**Task details**
Only the lines below from the one that holds "Ndër sfidat kryesore" through the one that holds "EL FRENTE EXPRESA" should appear in the answer, copied exactly, end lines included and pictures omitted.
(Beginning of Material supplied)
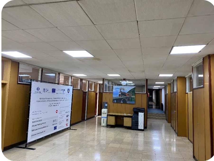
Ndriçim i objekteve të Infrakos-it me LED

Ndër sfidat kryesore me të cilat sektori i veprimtarisë elektroteknike vazhdimisht përballet janë vjedhjet e vazhdueshme të kablove apo pajisjeve tjera sinjalo siguruese si dhe mungesa e pjesëve rezervë.
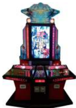
WW-QF506 Plane 飞机
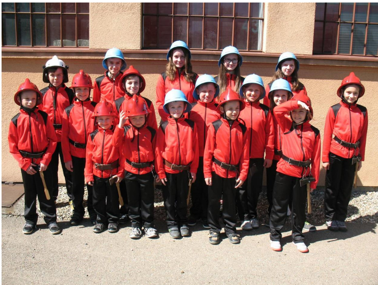
Reaktywowana w 2016 r. drużyna MDP w Kisielowie (3)

Przygotowanie komputerowe tekstu, zdjęć oraz korekta: Aleksandra Nowak
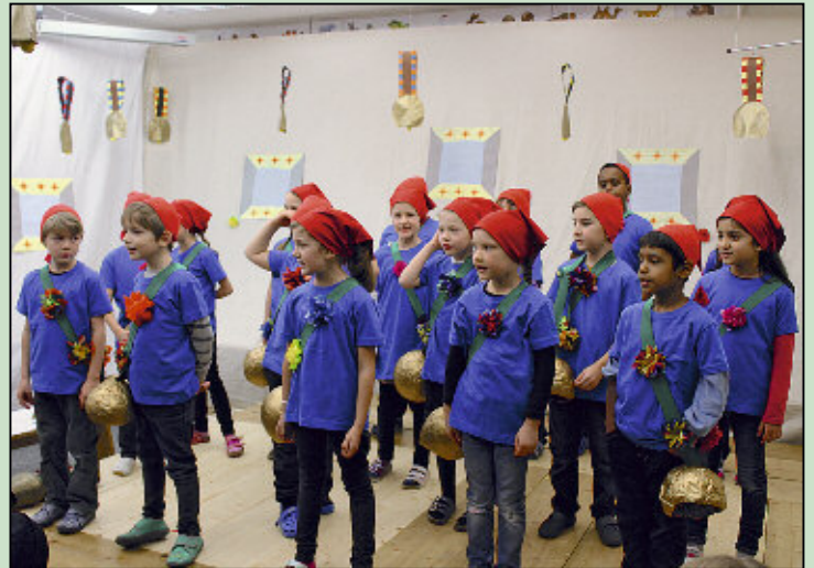
Das Glockenkonzert der Erst- und Zweitklässler entführte die Gäste ins Engadin.
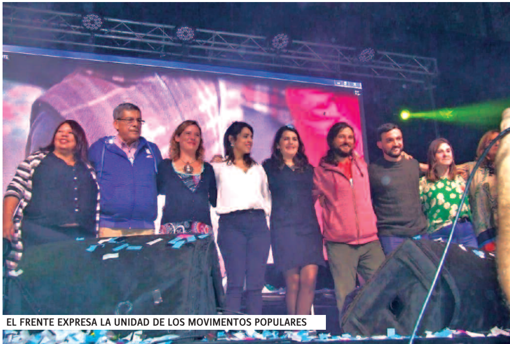
EL FRENTE EXPRESA LA UNIDAD DE LOS MOVIMIENTOS POPULARES

El miércoles 12 de junio se hizo el lanzamiento del Frente Otro Moreno Es Posible. El acto se realizó en el teatro Roma, que desbordó con más de dos mil compañeras y compañeros, y fue seguido por muchos afuera con pantalla gigante y sonido.
(End of Material supplied)
**Exercise result**
Ndër sfidat kryesore me të cilat sektori i veprimtarisë elektroteknike vazhdimisht përballet janë vjedhjet e vazhdueshme të kablove apo pajisjeve tjera sinjalo siguruese si dhe mungesa e pjesëve rezervë.
WW-QF506 Plane 飞机
Reaktywowana w 2016 r. drużyna MDP w Kisielowie (3)

Przygotowanie komputerowe tekstu, zdjęć oraz korekta: Aleksandra Nowak
Das Glockenkonzert der Erst- und Zweitklässler entführte die Gäste ins Engadin.
EL FRENTE EXPRESA LA UNIDAD DE LOS MOVIMIENTOS POPULARES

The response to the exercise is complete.